In dieser Spielzeit ist der schnelle Spielmacher aber förmlich explodiert: Das Kunststück aus dem Bayern-Sieg (30 Punkte oder mehr und dazu mehr als zehn Assists) gelang ihm Ende November bereits beim 101:95 gegen Bamberg (Video rechts). Seine 20,5 Punkte im Schnitt sind Ligabestwert genauso wie seine 8,1 Assists. Kein Spieler kommt häufiger an die Freiwurflinie als der Crailsheimer Guard (mehr als acht Mal pro Begegnung), der seine Gelegenheiten dort zu 89,1 Prozent in Zählbares ummünzt und trotz seines schmächtigen Körperbaus bei optimistisch vermessenen 1,88 Meter als zweitbester Rebounder seines Teams glänzt. Bell-Haynes ist auch der effektivste Spieler der Liga und hat seine Low-Budget-Merlins in der Spitzengruppe der Liga etabliert. Es gibt also genügend Argumente, die ihn zu einem legitimen MVP-Kandidaten machen.

Seine Stärken und seine Rolle im Spiel der Merlins

Trae Bell-Haynes ist der Dreh- und Angelpunkt im Crailsheimer Spiel. Natürlich zeichnet ihn sein Speed aus. Noch wichtiger ist aber, dass der Motor der Merlins gute Entscheidungen trifft, die ihn zu einem hocheffizienten Spieler machen. Sein Zug zum Korb ist elitär gut, und mit seinem Floater hat er dabei einen Pfeil im Köcher, den nur wenige Akteure abschießen können. Er ist definitiv mehr ein Driver als ein Werfer, aber sein Dreier fällt mit 42 Prozent so gut, dass er respektiert werden muss und ihm und seinen Mitspielern zusätzliche Optionen eröffnet.

Für sein Spiel benötigt Bell-Haynes Platz, den ihm das Spacing der Crailsheimer bietet. Mit Boggy Radosavljevic steht ein Center als Pick-and-Roll-Partner zur Verfügung, der Gefahr von der Dreipunktelinie ausstrahlt und als Stretch-Fünfer agieren kann.
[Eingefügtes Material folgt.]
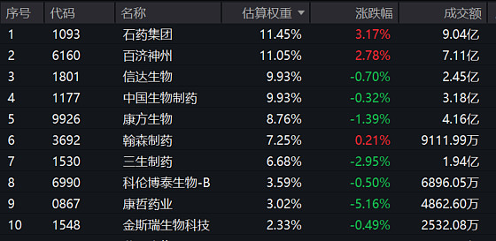 港股通创新药ETF(159570)标的指数权重股涨跌互现:石药集团涨超3%,百济神州涨超2%,翰森制药微涨;下跌方面,康哲药业跌超5%,三生制药跌近3%,康方生物跌超1%。

Das schafft Raum in der Zone für den Guard. Crailsheim spielt quasi mit vertauschten Rollen. So sagt es jedenfalls Coach Tuomas Iisalo mit einem Augenzwinkern. Schützen wie Elias Lasisi und Moe Stuckey sorgen ebenfalls dafür, dass die Verteidigung nicht zu stark gegen die Drives des Kanadiers absinken kann. Defensiv hat Bell-Haynes noch Luft nach oben. Aber da Iisalo seine Arbeitseinstellung lobt, dürften auch hier Fortschritte nur eine Frage der Zeit sein.

Kochs Nachschlag

Der finnische Coach der Hohenloher ist nicht nur im taktischen Bereich ein innovativer Mann, sondern auch bei der Spielerrekrutierung. Bereits vor der Saison 2019/2020 dachte er nach Rücksprache mit Gordie Herbert über Trae Bell-Haynes nach. Er suchte aber eher einen Combo-Guard, der auch neben DeWayne Russell spielen konnte und entschied sich deshalb für Jan Span. Letztendlich empfahl er Bell-Haynes nach Finnland zu den Helsinki Seagulls, wo er seine Entwicklung akribisch mitverfolgte. Nach seiner Vertragsverlängerung bei den Merlins im Sommer des vergangenen Jahres verpflichtete Iisalo als erste Amtshandlung seinen neuen Spielmacher. Eine Entscheidung, die sich für beide Seiten gelohnt hat!

Zur Person

Stefan Koch war zwei Jahrzehnte lang Headcoach in der ersten Liga und wurde 2000 und 2005 als Trainer des Jahres ausgezeichnet. Er erreichte mit seinen Teams regelmäßig die Playoffs und trat sieben Mal im Europapokal an. Sechs Mal nahm er am TOP FOUR teil und gewann 2000 mit Frankfurt den Pokal. Zudem war der Hesse drei Mal Headcoach des All-Star-Games.

Koch arbeitet aktuell als Kommentator bei MagentaSport, war früher auch als Experte und Kommentator für SPORT1, Premiere und Sportdigital tätig, sowie als Scout für die NBA. Seine Kolumne „Kochs Nachschlag“ erscheint regelmäßig auf der Homepage der easyCredit BBL.